Posted 10 junio, 2010 by admin in Blog
 
 

¿Cuánto cuesta el sexo en la ciudad?

Dirigida y producida por Michael Patrick King y conformada por seis exitosas temporadas, Sex & the City fue la serie que entre 1998 y 2004 robó la atención a miles de treintonas que querían ver en pantalla sus conflictos existenciales con el sexo opuesto. A finales de la década de los noventa, el guión de la serie sostenía un argumento en el cual la permanente “liquidez” de sus protagonistas saltaba a la vista mientras se les veía pasear  por los rincones más exclusivos de Manhattan con un bolso Louis Vuitton, cup cake Magnolia Bakery en mano y unos carísimos zapatos Manolo Blahnik en los pies.

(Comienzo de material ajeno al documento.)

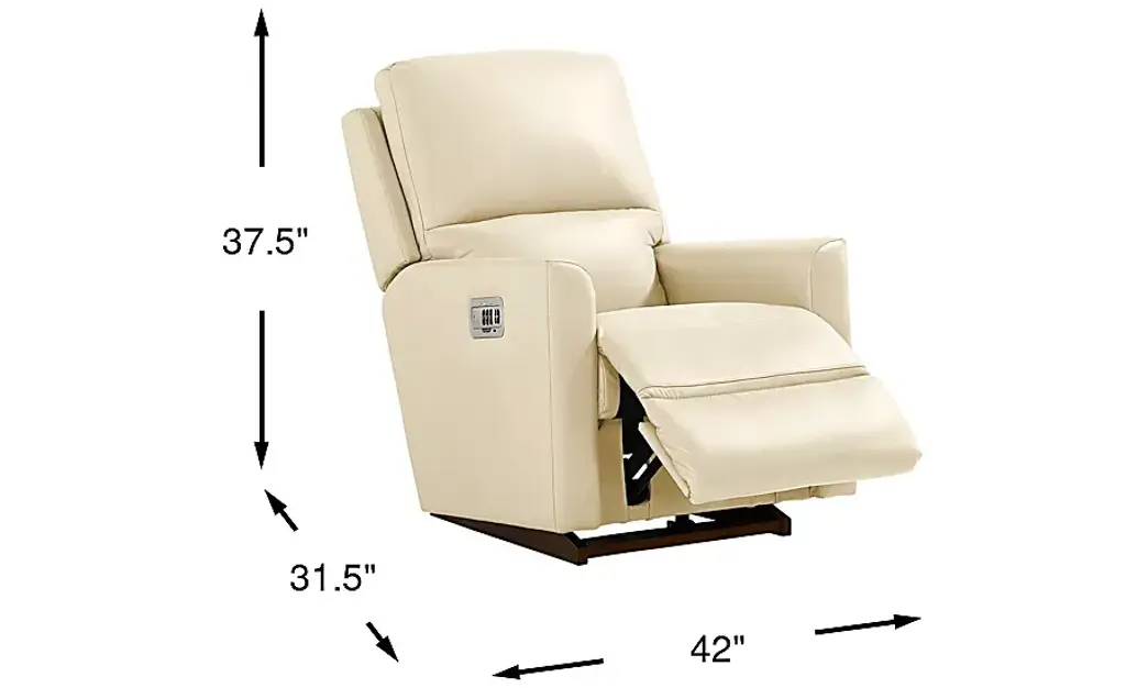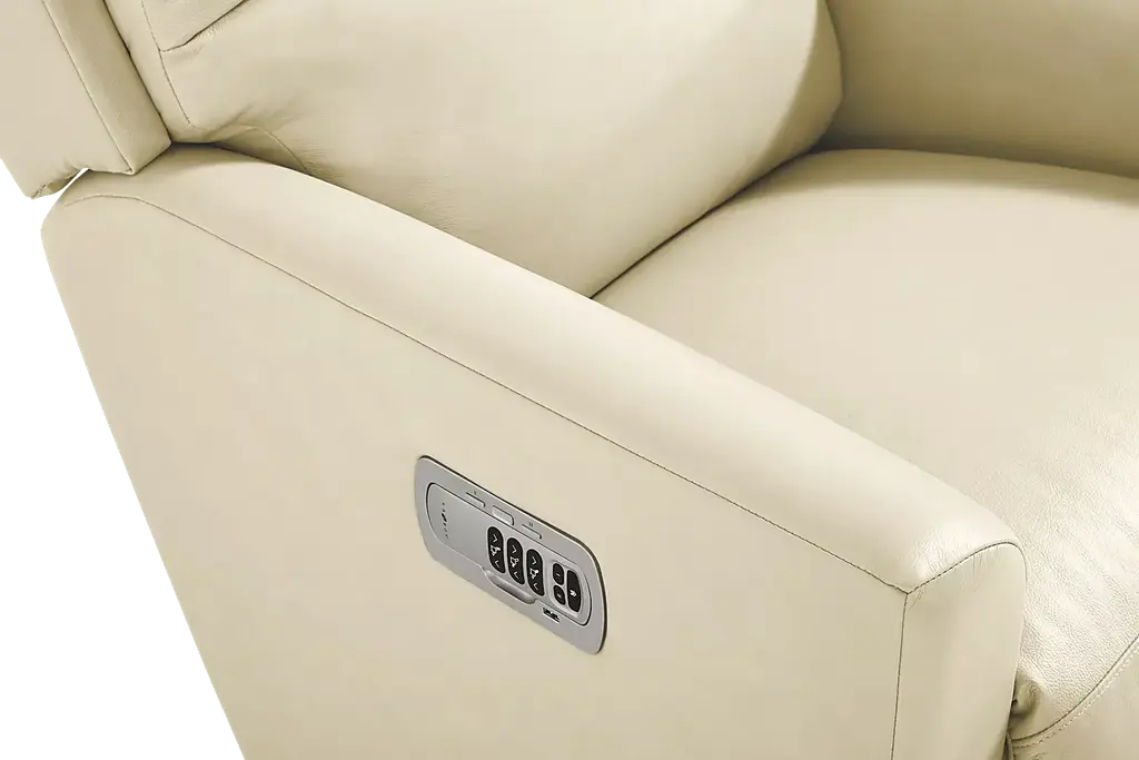 The comfort of stillness gets a serene reclining upgrade with the Wynne III recliner as it moves smoothly and supports luxuriously, accentuating its gracious curves and soft, sumptuous textures. With supple top grain leather where the body touches, this transitional recliner comes in a breath-taking ivory hue. Subtle wedge arms and pillowy cushions invite sinkable relaxation, while deep tufting and top-stitched seams add tailored refinement. The unique dual power reclining mechanism includes a footrest, backrest and headrest that can be controlled independently. Set into the arm is a charging cradle with a wireless remote and USB port. If the remote happens to run off and hide, a "find me" feature inside the cradle ensures you can relocate it. Two memory buttons mean your favorite reclining positions are available at a moment's notice. Easily return to an upright position with the home button and continue to get comfortable by enjoying the gentle rocking motion. Upholstery: Top grain leather where the body touches with polyurethane sides and back.

Al menos en las primeras etapas, los escritores de la serie, abiertamente colgados de la ficción, no repararon en hacer coincidir los trabajos de sus personajes con sus gastos o ¿acaso una columnista de sexo tendría para comprar zapatos de 500 dólares para seguir engrosando su vasta colección?

A los detractores del derroche y del hedonismo exacerbado, les cayó como bomba la pedantería e irresponsabilidad con que las protagonistas manejaron sus hábitos de consumo. Sin embargo, para el grueso de las televidentes, Sex & the City llenaba sus expectativas aspiracionales, haciendo del sofisticado despilfarro una actividad propia de “la mujer independiente”. Tal fervor y arribismo llegó al extremo de un tour especialmente diseñado para los fans de la serie, para recorrer las locaciones y tiendas más concurridas por las protagonistas.

Sin embargo, para las últimas temporadas, cuando la crisis aporreaba a la mayoría de la población estadounidense (y del mundo),  las chicas de la serie tuvieron que apretarse el cinturón modificando su manera de relacionarse con el dinero. Sucede que ya no era tan atractivo atestiguar la opulencia en época de vacas flacas. La lección es sencilla: los tiempos cambian, las modas pasan, los amores se marchitan y si de algo podemos estar seguros es que siempre habrá quien deje escapar miles de dólares por el placer de colgar en su perchero el bolso de sus sueños. Un placer con vida propia tan válido como guardar debajo del colchón el último peso de una raquítica quincena.